Apa saja yang termasuk pembatal puasa?
Berikut adalah rincian enam pembatal puasa diantaranya:
1. Makan dan minum dengan sengaja.
Hal
ini merupakan pembatal puasa berdasarkan kesepakatan para ulama[1].
Makan dan minum yang dimaksudkan adalah dengan memasukkan apa saja ke
dalam tubuh melalui mulut, baik yang dimasukkan adalah sesuatu yang
bermanfaat (seperti roti dan makanan lainnya), sesuatu yang membahayakan
atau diharamkan (seperti khomr dan rokok[2]), atau sesuatu yang tidak
ada nilai manfaat atau bahaya (seperti potongan kayu)[3]. Dalilnya
adalah firman Allah Ta’ala,
وَكُلُوا
وَاشْرَبُوا حَتَّى يَتَبَيَّنَ لَكُمُ الْخَيْطُ الْأَبْيَضُ مِنَ
الْخَيْطِ الْأَسْوَدِ مِنَ الْفَجْرِ ثُمَّ أَتِمُّوا الصِّيَامَ إِلَى
اللَّيْلِ
“Dan
makan minumlah hingga terang bagimu benang putih dari benang hitam,
yaitu fajar. Kemudian sempurnakanlah puasa itu sampai (datang) malam.” (QS. Al Baqarah: 187).
Jika
orang yang berpuasa lupa, keliru, atau dipaksa, puasanya tidaklah
batal. Dari Abu Hurairah radhiyallahu ‘anhu, Nabi shallallahu ‘alaihi wa
sallam bersabda,
إِذَا نَسِىَ فَأَكَلَ وَشَرِبَ فَلْيُتِمَّ صَوْمَهُ ، فَإِنَّمَا أَطْعَمَهُ اللَّهُ وَسَقَاهُ
“Apabila
seseorang makan dan minum dalam keadaan lupa, hendaklah dia tetap
menyempurnakan puasanya karena Allah telah memberi dia makan dan minum.”[4]

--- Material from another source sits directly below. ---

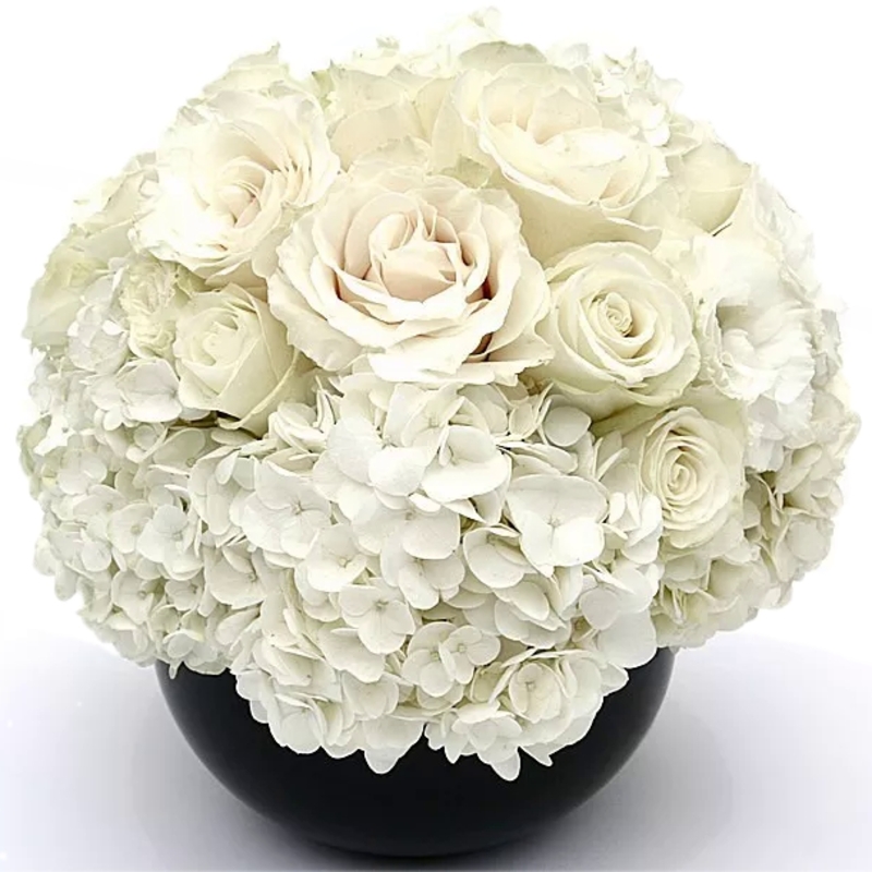 Букет состоит из 6 белых гортензий, 9 белых роз, коробка, оазис.

Beliau shallallahu ‘alaihi wa sallam juga bersabda,
إِنَّ اللَّهَ وَضَعَ عَنْ أُمَّتِى الْخَطَأَ وَالنِّسْيَانَ وَمَا اسْتُكْرِهُوا عَلَيْهِ
“Sesungguhnya Allah menghilangkan dari umatku dosa karena keliru, lupa, atau dipaksa.”[5]
Yang
juga termasuk makan dan minum adalah injeksi makanan melalui infus.
Jika seseorang diinfus dalam keadaan puasa, batallah puasanya karena
injeksi semacam ini dihukumi sama dengan makan dan minum.[6]
Siapa
saja yang batal puasanya karena makan dan minum dengan sengaja, maka ia
punya kewajiban mengqodho’ puasanya, tanpa ada kafaroh. Inilah pendapat
mayoritas ulama.[7]
2. Muntah dengan sengaja.
Dari Abu Hurairah, Nabi shallallahu ‘alaihi wa sallam bersabda,
مَنْ ذَرَعَهُ قَىْءٌ وَهُوَ صَائِمٌ فَلَيْسَ عَلَيْهِ قَضَاءٌ وَإِنِ اسْتَقَاءَ فَلْيَقْضِ
“Barangsiapa
yang dipaksa muntah sedangkan dia dalam keadaan puasa, maka tidak ada
qodho’ baginya. Namun apabila dia muntah (dengan sengaja), maka wajib
baginya membayar qodho’.”[8]
3. Haidh dan nifas.
Apabila
seorang wanita mengalami haidh atau nifas di tengah-tengah berpuasa
baik di awal atau akhir hari puasa, puasanya batal. Apabila dia tetap
berpuasa, puasanya tidaklah sah. Ibnu Taimiyah mengatakan, “Keluarnya
darah haidh dan nifas membatalkan puasa berdasarkan kesepakatan para
ulama.”[9]
Dari Abu Sa’id Al Khudri, Nabi shallallahu ‘alaihi wa sallam bersabda,
أَلَيْسَ إِذَا حَاضَتْ لَمْ تُصَلِّ وَلَمْ تَصُمْ » . قُلْنَ بَلَى . قَالَ « فَذَلِكَ مِنْ نُقْصَانِ دِينِهَا »
“Bukankah
kalau wanita tersebut haidh, dia tidak shalat dan juga tidak menunaikan
puasa?” Para wanita menjawab, “Betul.” Lalu beliau shallallahu ‘alaihi
wa sallam bersabda, “Itulah kekurangan agama wanita.”[10]
Jika
wanita haidh dan nifas tidak berpuasa, ia harus mengqodho’ puasanya di
hari lainnya. Berdasarkan perkataan ‘Aisyah, “Kami dahulu juga mengalami
haid, maka kami diperintahkan untuk mengqadha' puasa dan tidak
diperintahkan untuk mengqadha' shalat."[11] Berdasarkan kesepakatan para
ulama pula, wanita yang dalam keadaan haidh dan nifas wajib mengqodho’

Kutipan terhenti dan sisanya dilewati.